Shared leadership in airplane crews. Refer to the Human Factors (March 2014) study of shared leadership by the cockpit and cabin crews of a commercial airplane, Exercise 8.14 (p. 466). Recall that each crew was rated as working either successfully or unsuccessfully as a team. Then, during a simulated flight, the number of leadership functions exhibited per minute was determined for each individual crew member. One objective was to compare the mean leadership scores for successful and unsuccessful teams. How many crew members would need to be sampled from successful and unsuccessful teams to estimate the difference in means to within .05 with 99% confidence? Assume you will sample twice as many members from successful teams as from unsuccessful teams. Also, assume that the variance of the leadership scores for both groups is approximately .04.

Short answer

The required sample size for unsuccessful team is 160.

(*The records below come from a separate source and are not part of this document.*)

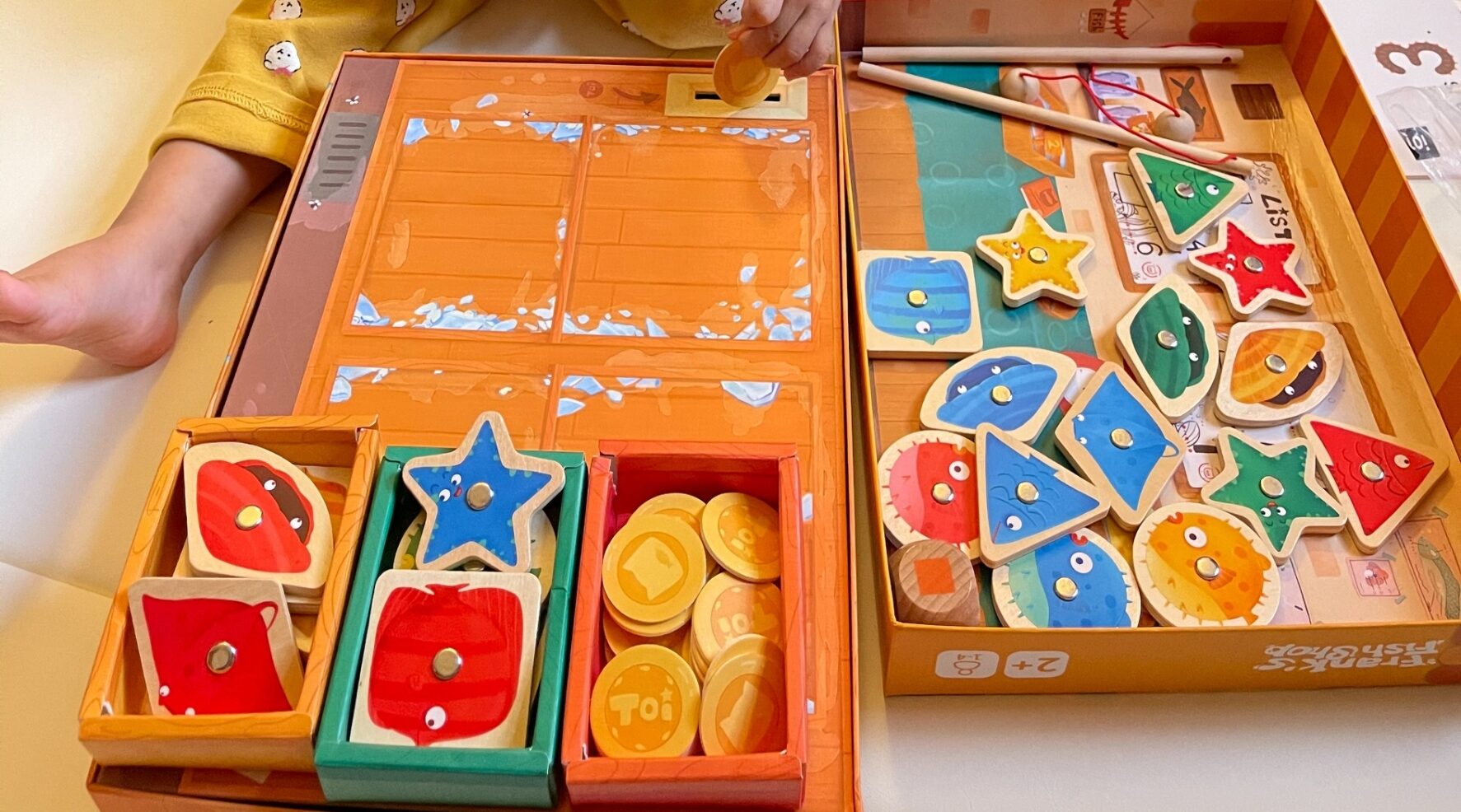 其實我是要買版媽曾經推薦過的喂小豬吃飯的那款桌遊,但送來的是這盒,本來有點失望,但我女兒對這款非常買單,一直釣魚跟投幣,開盒的那天睡前還一直要拿錢幣上床陪睡。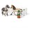 Contents: 2x girls, 1x Tennessee walking horse, 1x Lusitano, 1x puppy, 1x show arena, 2x spotlights, 3x scoreboards, 1x tent with sign and curtains, 1x hanging mirror, 1x standing mirror, 1x brush, 1x lipstick, 1x make-up brush, 1x make-up compact, 1x make-up kit, 1x jury table, 2x spiralling vines, 7x curved vines, 8x straight bows, 4x corner bows, 2x box tree ribbons, 6x decorative flowers, 6x decorative hearts, 6x decorations, 6x decorative roses, 6x decorative bows, 6x decorative horse heads, 1x bridle, 1x lead rope, 1x harness, 4x spats, 2x paddock gates with bolts, 3x paddocks, 1x bucket, 1x apple, 2x flags, 2x box tree planters, 1x table, 1x grooming box, 1x hay rack, 1x purple rosette, 1x turquoise rosette, 1x pink rosette, 1x chair, 1x hoof pick, 1x brush, 1x hose, 1x tap, 1x trophy, 1x curry comb, 1x skirt, 1x horse blanket, 1x felt carpet, 1x scoreboard barrow, 1x sticker sheet, 1x assembly instructions.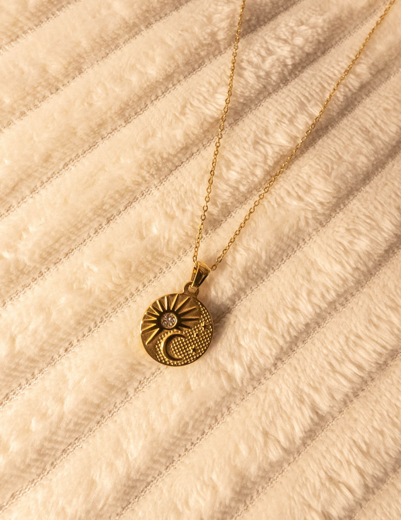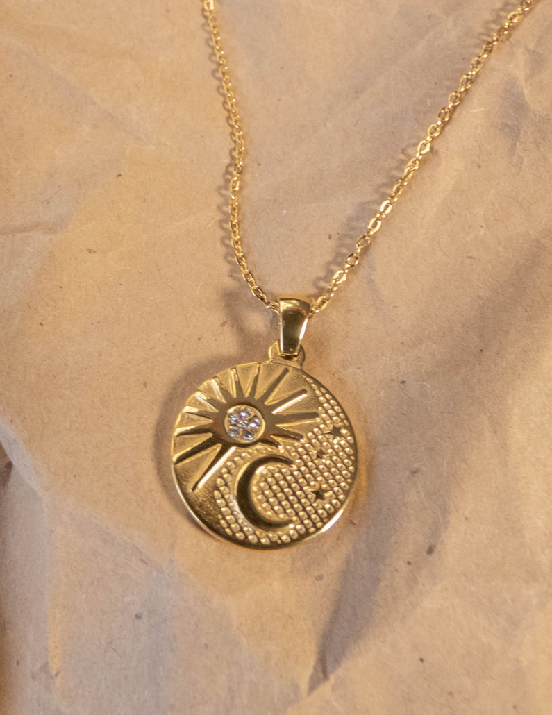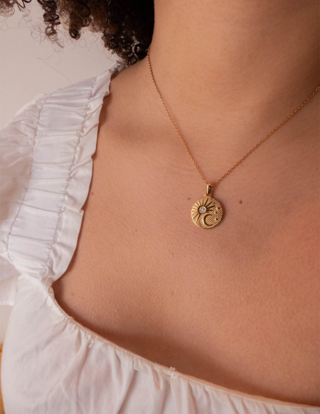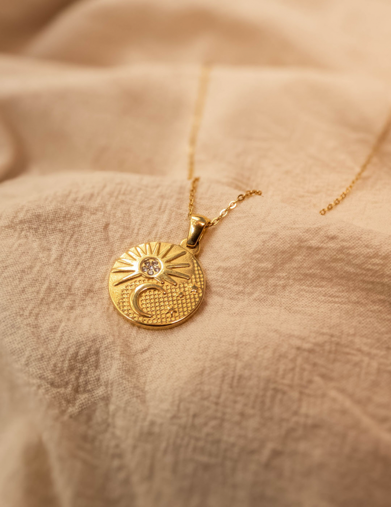 La combinación de acero duradero y baño de oro brillante define nuestro catálogo de colgantes. Un estilo atemporal que destaca tu individualidad con gracia y resistencia.

The required sample size for successful team is 320.

Step-by-step solution

Given Information

The variance of two groups are given below

${\sigma }_1^2={\sigma }_2^2=0.04$

The sampling error is

$SE=.05$

Z-value

For $\alpha =0.01$

The z-value is given by

$$\begin{gathered} z_{\frac{\alpha }{2}}=z_{0.005} \\ =2.58 \end{gathered}$$

Compute the sample

For, $z=2.58,{\sigma }_1^2={\sigma }_2^2=0.04 andSE=.05$

The sample is calculated as

$$\begin{gathered} 2n_1=n_2 \\ =\frac{{\left(z_{0.005}\right)}^2\times \left[2{\sigma }_1^2+{\sigma }_2^2\right]}{2{\left(SE\right)}^2} \\ =\frac{{2.58}^2\times \left[2\times 0.04+0.04\right]}{2\times {.05}^2} \\ =\frac{6.6564\times 0.12}{.005} \\ =\frac{0.79876}{.005} \\ =159.752 \\ \approx 160 \end{gathered}$$

Therefore, the required sample size for unsuccessful team is 160.

And

$$\begin{gathered} n_2=2n_1 \\ =2\times 160 \\ =320 \end{gathered}$$

Therefore, the required sample size for successful team is 320.